Of course it is slightly different than C. C, the ruiner of all good things.
February 05, 2018
On 2/5/2018 12:45 PM, H. S. Teoh wrote:
> Sticking to C promotion rules is one of the scourges that continue to
> plague D;

It's necessary. Working C expressions cannot be converted to D while introducing subtle changes in behavior.

> another example is char -> byte confusion no thanks to C
> traditions:
> 
> 	int f(dchar ch) { return 1; }
> 	int f(byte i) { return 2; }
> 	void main() {
> 		pragma(msg, f('a'));
> 		pragma(msg, f(1));
> 	}
> 
> Exercise for reader: guess compiler output.

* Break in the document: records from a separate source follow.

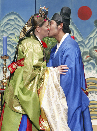 Halmi from the U.S. during their Korean traditional wedding ceremony at a hotel
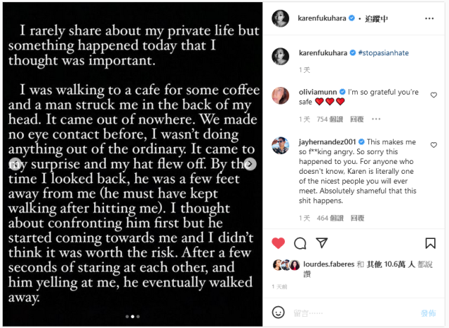 而她也提到自己相當幸運,該名男子並沒有攜帶武器,或是折回來繼續攻擊她。福原也承認,事件過後她有在考慮去學習防身術,「但為什麼我們這些『受害者』總必須要思考各種保護自己的方法?這些加害者到底能從攻擊女性、亞洲人,甚至是老人的行為裡獲得什麼樣的快感?他們必須為自己的行為負責,我們也應該好好想想,作為一個共同生活的群體,可以做些什麼來防止這些可怕的罪行繼續發生。」 圖/IG via karenfukuhara
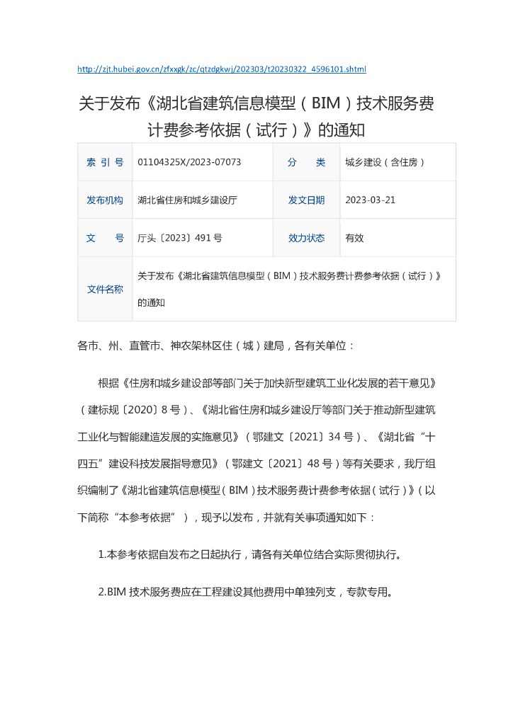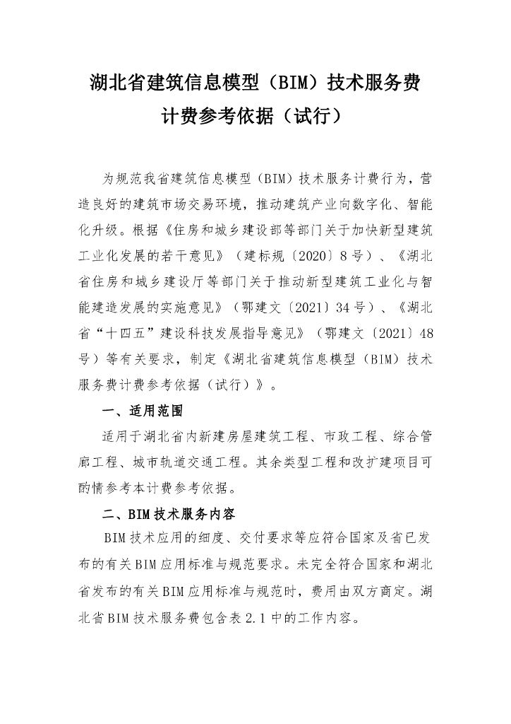 湖北省建筑信息模型BIM技术服务费计费参考.pdf
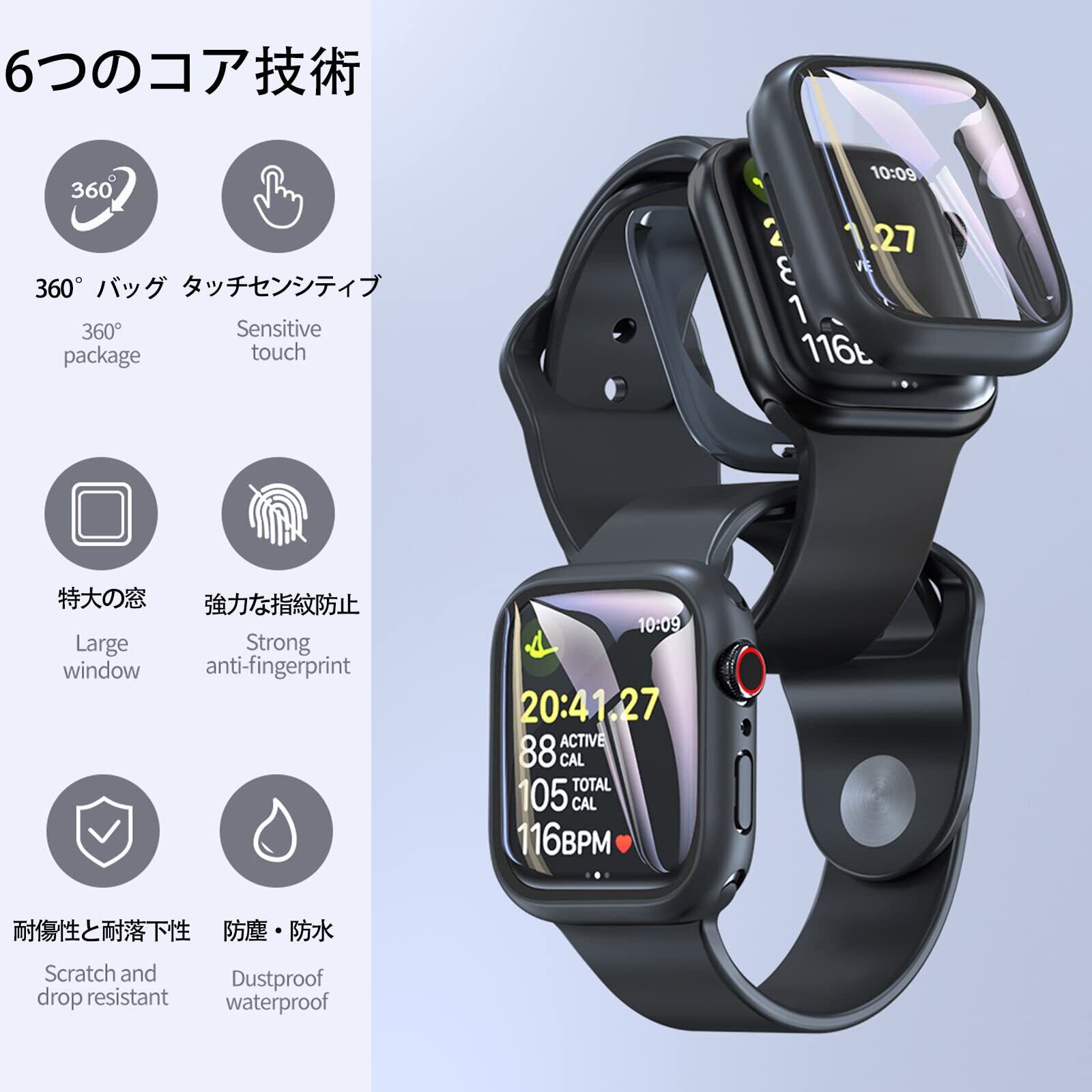 2重構造、ダブル保護:今までの保護ケースを基に改良し、防水機能が向上しました。耐久性と柔軟性に優れたPC素材+硬度9Hの強化ガラス、背面のハードフレームと組み合わせて、360フルボディ保護、偶発的な落下から時計を保護します。

'a' and 1 do not match dchar or byte exactly, and require implicit conversions. D doesn't have the C++ notion of "better" implicit conversions for function arguments, instead it uses the "leastAsSpecialized" C++ notion used for template matching, which is better.

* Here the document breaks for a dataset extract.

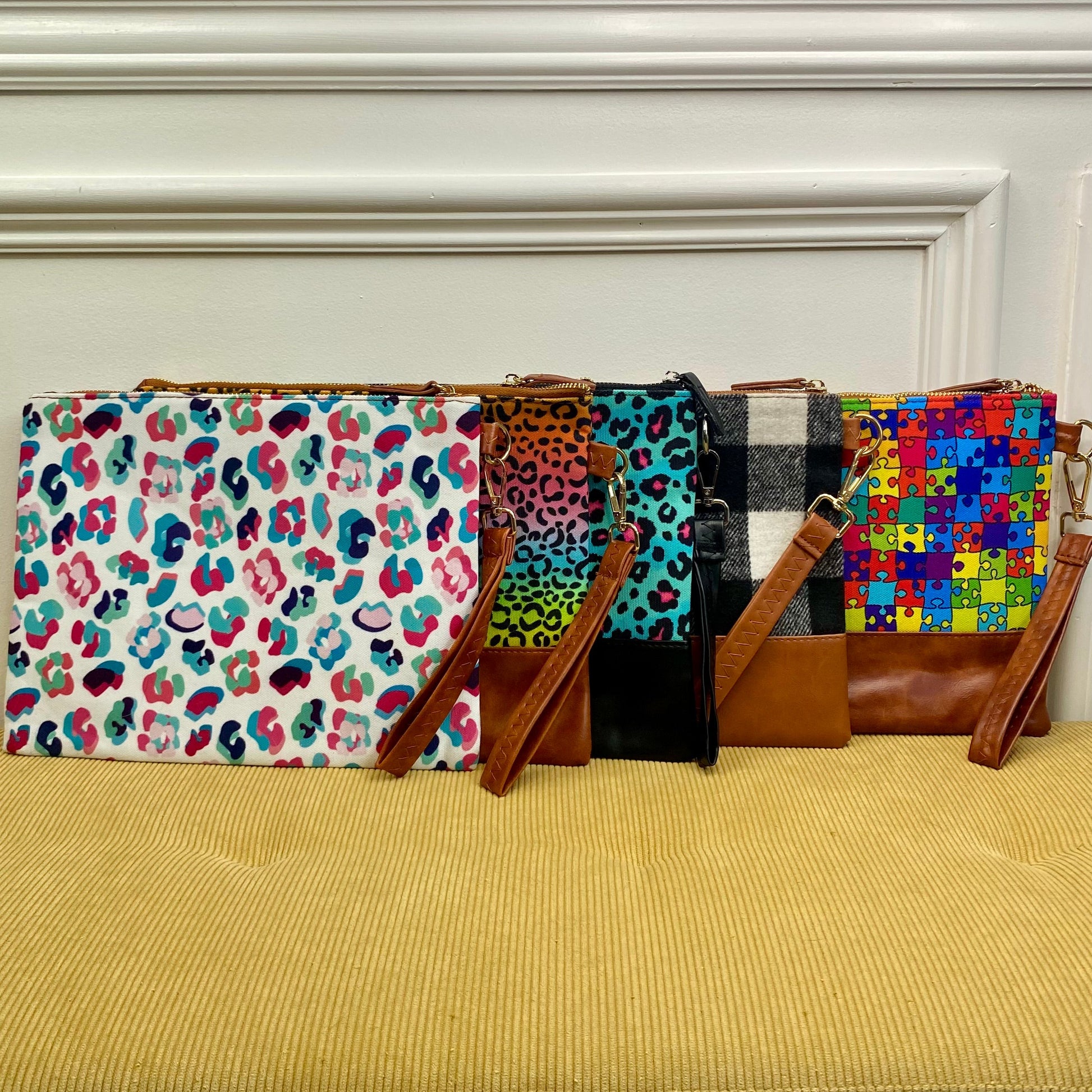 - Zipper Closure, Faux Leather Wrist Loop

The idea is a byte can be implicitly converted to a dchar, but not the other way around. Hence, f(byte) is selected as being the "most specialized" match.
February 05, 2018
On 2/5/18 3:45 PM, H. S. Teoh wrote:
> On Mon, Feb 05, 2018 at 03:23:20PM -0500, Steven Schveighoffer via Digitalmars-d wrote:
>> On 2/5/18 2:30 PM, H. S. Teoh wrote:
>>> Even better yet:
>>>
>>> 	byte b;
>>> 	b = -b;		// Deprecation error
>>>
>>> WAT????
>>
>> In the future, -b will be typed as an int, so you can't reassign it to
>> b.  You can see this today with -transition=intpomote:
>>
>> Error: cannot implicitly convert expression -cast(int)b of type int to
>> byte
> [...]
> 
> Honestly, this just makes narrow int types basically useless when it
> comes to any arithmetic at all.

They already are:

b = b + 1; // error.

But I can't see why there is controversy over negation of byte turning into an int. I can't see why anyone would expect:

int x = -b;

when b is -128, to set x to -128. The integer promotion makes complete sense to me.

> Sticking to C promotion rules is one of the scourges that continue to
> plague D;

C promotion rules came along with the feature of assigning the result back to a byte. D got rid of that "convenience", and I think it was a good decision. I hardly ever finding myself regretting the compiler telling me that I'm about to throw away information.

> another example is char -> byte confusion no thanks to C
> traditions:
> 
> 	int f(dchar ch) { return 1; }
> 	int f(byte i) { return 2; }
> 	void main() {
> 		pragma(msg, f('a'));
> 		pragma(msg, f(1));
> 	}
> 
> Exercise for reader: guess compiler output.

char and byte should not ever mix, IMO. char and dchar should not ever mix either. There have been some nasty bugs in phobos due to the fact that char auto-promotes to dchar.